Many times in my life i have struggled to promise young people that their lives will get better. All these decades later as so many still face school bullying, harassment and even violence, I know I am not the only one who feels the growing weight of obligation to make sure that the lives of young people actually do get better. Not someday, but now.

FIRST: Idaho's anti-bullying law doesn't even mention gay kids.

SECOND: Tragically Idaho has the third highest suicide rate in the nation.  Nationally 1/3 of teen suicides has to do with young people's struggles coping with issues of sexual orientation or gender identity. Too many American kids do not feel safe at school, welcome at church or accepted in their own homes.

THIRD: Suicide is not the only tragedy to come from rejection, fear and a lack of legal protection. Too many young people find themselves more vulnerable to drug addiction and depression as they face these issues alone in rural communities or in silence in our cities.

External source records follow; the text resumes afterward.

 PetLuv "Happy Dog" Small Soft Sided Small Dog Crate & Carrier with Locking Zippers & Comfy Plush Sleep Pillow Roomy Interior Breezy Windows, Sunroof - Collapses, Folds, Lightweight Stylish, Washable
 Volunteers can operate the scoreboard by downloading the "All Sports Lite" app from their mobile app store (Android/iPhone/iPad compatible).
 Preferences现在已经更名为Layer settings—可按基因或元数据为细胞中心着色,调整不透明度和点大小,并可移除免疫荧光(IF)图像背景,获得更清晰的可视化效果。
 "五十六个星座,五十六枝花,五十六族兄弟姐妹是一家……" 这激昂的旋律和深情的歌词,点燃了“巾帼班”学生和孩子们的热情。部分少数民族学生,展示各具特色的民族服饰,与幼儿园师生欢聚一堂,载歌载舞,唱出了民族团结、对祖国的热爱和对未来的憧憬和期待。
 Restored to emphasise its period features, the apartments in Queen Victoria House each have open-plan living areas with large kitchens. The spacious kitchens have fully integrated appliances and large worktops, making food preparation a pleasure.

FORTH: Anti-gay bullying is one of the most common forms of bullying in schools. Here still some teachers fear addressing anti-gay harassment in classrooms because at times teachers have faced disciplinary measures simply for mentioning the word gay. And because Idaho's anti-bullying law doesn't mention any specific kinds of bullying, it leaves open for some students, teachers and parents to believe that gay kids might be an exception to the anti-bullying rule.

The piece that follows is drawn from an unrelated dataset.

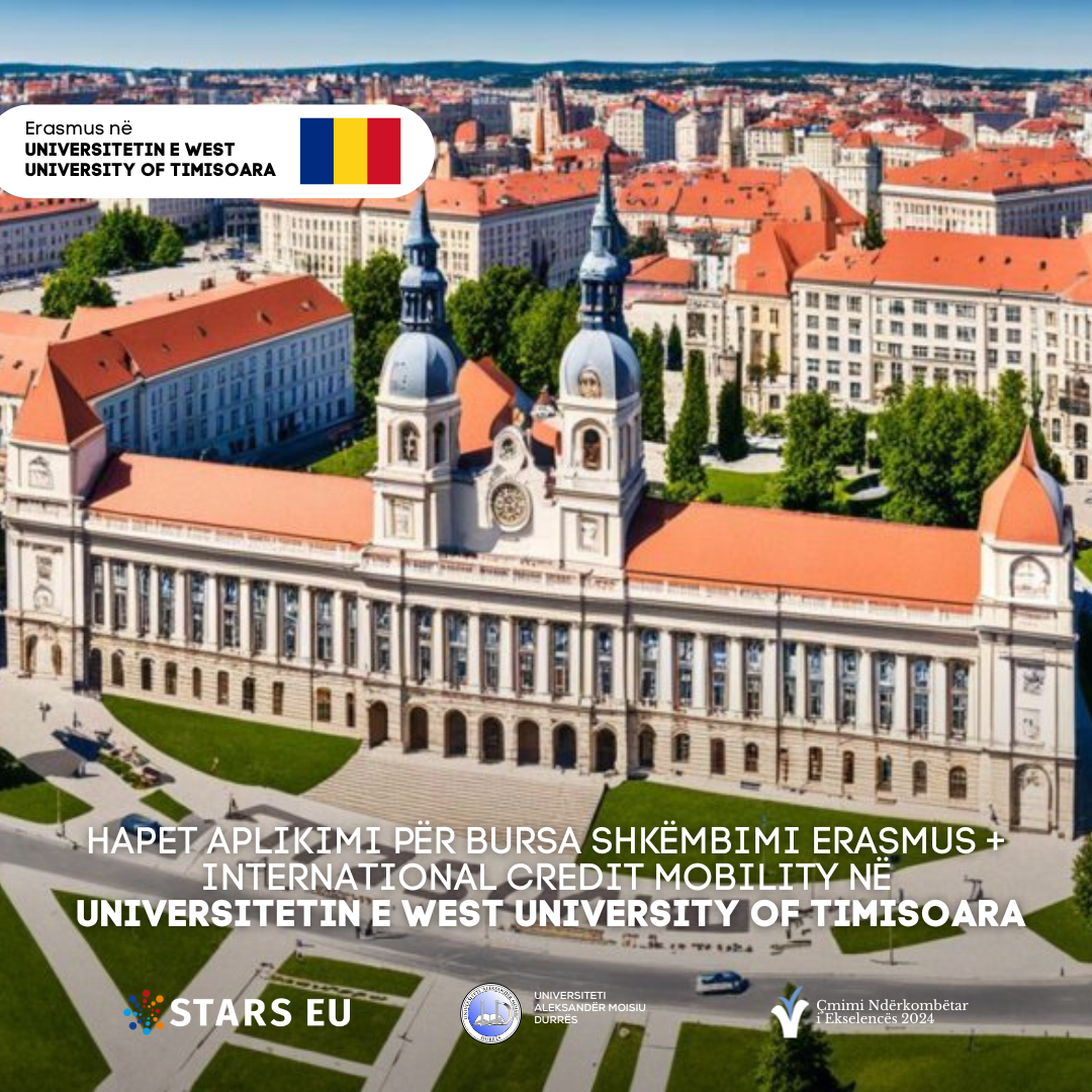 HAPET APLIKIMI PËR BURSA SHKËMBIMI ERASMUS + INTERNATIONAL CREDIT MOBILITY NË UNIVERSITETIN E WEST UNIVERSITY OF TIMISOARA

If we are going to plead with Idaho's young people not to despair or ever consider self destructive acts like suicide, then we have an obligation; That obligation is to be sure that we change Idaho law so that gay kids are clearly safe and protected.

We must do all we can to make sure it gets better now– not years from now, but now.

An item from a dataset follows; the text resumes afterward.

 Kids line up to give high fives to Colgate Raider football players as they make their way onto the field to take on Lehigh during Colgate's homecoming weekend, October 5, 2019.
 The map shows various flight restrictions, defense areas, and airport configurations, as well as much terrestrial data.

Saturday, January 29th will be a statewide day of vigils, rallies and events to support safe schools and fair employment legislation to protect gay Idahoans from job discrimination and Idaho kids from anti-gay bullying. If you are a business person, straight ally, young person or anyone who wants to help organize an event, large or small in your community, let us know. I will pass your information to Lindsey Matson who will work to connect you with other people in your community or area who also want to help.

See photos and more from events in 11 towns across Idaho on Jan 29 and get involved in passing legislation this year.


3 thoughts on “Making Sure It Gets Better in Idaho

  1. Dede Shelton - November 30, 2010

    You go Senator!!! Thanks for standing up for gays and lesbians. I have seen so much pain due to the views and beliefs of Idahoans regarding this population. I hated to see my son unable to walk down the street holding his partners hand. Until our loved ones and friends can feel comfortable enough to show affection or marry who they please, we have to keep climbing the mountain, thanks Nicole

  2. V. Brown - December 1, 2010

    Nicely done Nicole. Thank you for your efforts in the interests of all Idaho’s citizens.

  3. ShoshoneConservative - December 15, 2010

    My concern would be, if the state starts enumerating reasons for “bullying,” it would necessarily exclude other reasons. Many kids are savage and cruel, and don’t really need a reason – it could be that the other child is smaller, or looks different, or is from a different family background. I think the statute is clear: “No student shall intentionally commit, or conspire to commit, an act of harassment, intimidation or bullying against another student.” That would, necessarily, include sexual orientation, or anything else for that matter. Any teacher so ignorant or incompetant that they cannot comprehend the plain terms of a very clearly written statute perhaps should seek employment in a different field.
    Of course, right now, a violation is only an infraction. Did you have in mind misdemeanor penalties for certain “classes” of bullying, i.e., based on race, gender, sexual orientation, etc., while leaving other bullying as an infraction, or simply inserting reasons into the current statute?